Three organizations on the north side of Pittsburgh are joining forces in an effort to bring more hospice and palliative care to the African American community. Family Hospice & Palliative Care CEO Rafael Sciullo says a few years ago it became clear that there was a disparity in access to hospice and palliative care. “We were finding, as has been the trend nationally, that access for African Americans to hospice and palliative care has been very limited and certainly not at the level it was for other populations,” says Sciullo.
The CEO says he knew he had to do something. “We began to formulate, what were the obstacles creating that and then how could we overcome them with a program that responded positively to support, responded to education, to outreach and to using the right language,” says Sciullo.

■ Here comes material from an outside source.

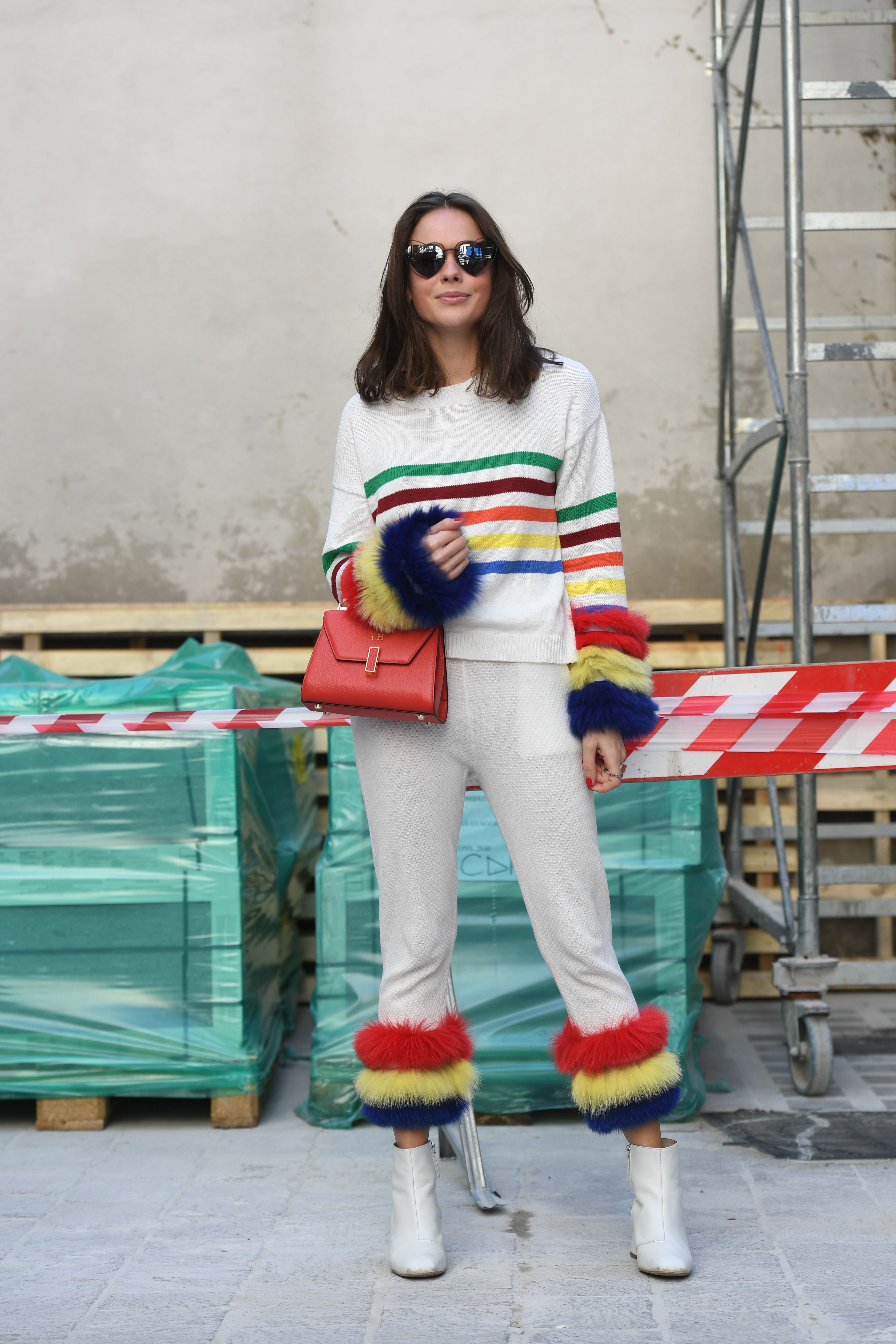 A guest attends Milan Fashion Week wearing a rainbow striped sweater with fur details.

Family Hospice teamed up with the Northside Christian Health Center and the Bidwell United Presbyterian Church to form an initiative called “Transitions.” Sciullo says through focus groups, they learned that many African Americans felt hospice was only for rich white people and that they equated the word “hospice” with “the end.” He says the community did not want to see death as the end but rather as a transition to another life. Bidwell United Presbyterian Church Pastor De Niece Welch says many in the community did not even know what palliative care meant and others equated hospice with nursing homes, which she says carries a negative connotation in the community. She says she is often called to a member’s bedside as they near death and she sees pain and suffering that she knows is not necessary.
Welch says she tells those with life limiting illness, and their families, “You can live your best life until your transition from this life to the next.” But she says it is not enough to just talk about the benefits of hospice care. She says you need to be able to point to a provider who can help rather than forcing families to “call around looking for help.”
Welch says Transitions will allow African Americans on the north side to continue their tradition of caring for family members at home for as long as possible without having to put loved ones through undue pain and without having to make trips to the emergency room. She says people are dying in bright loud emergency rooms rather than at home with loved ones where they can be more comfortable. Most of Family Hospice’s clients stay in the homes. Last year Family Hospice cared for an average of 400 clients a day but have just 12 beds in its inpatient facility.
Sciullo says providing families with the needed training is a key part of the Transitions as well as recruiting volunteers from Manchester and other north side communities to help provide care and to spread the word.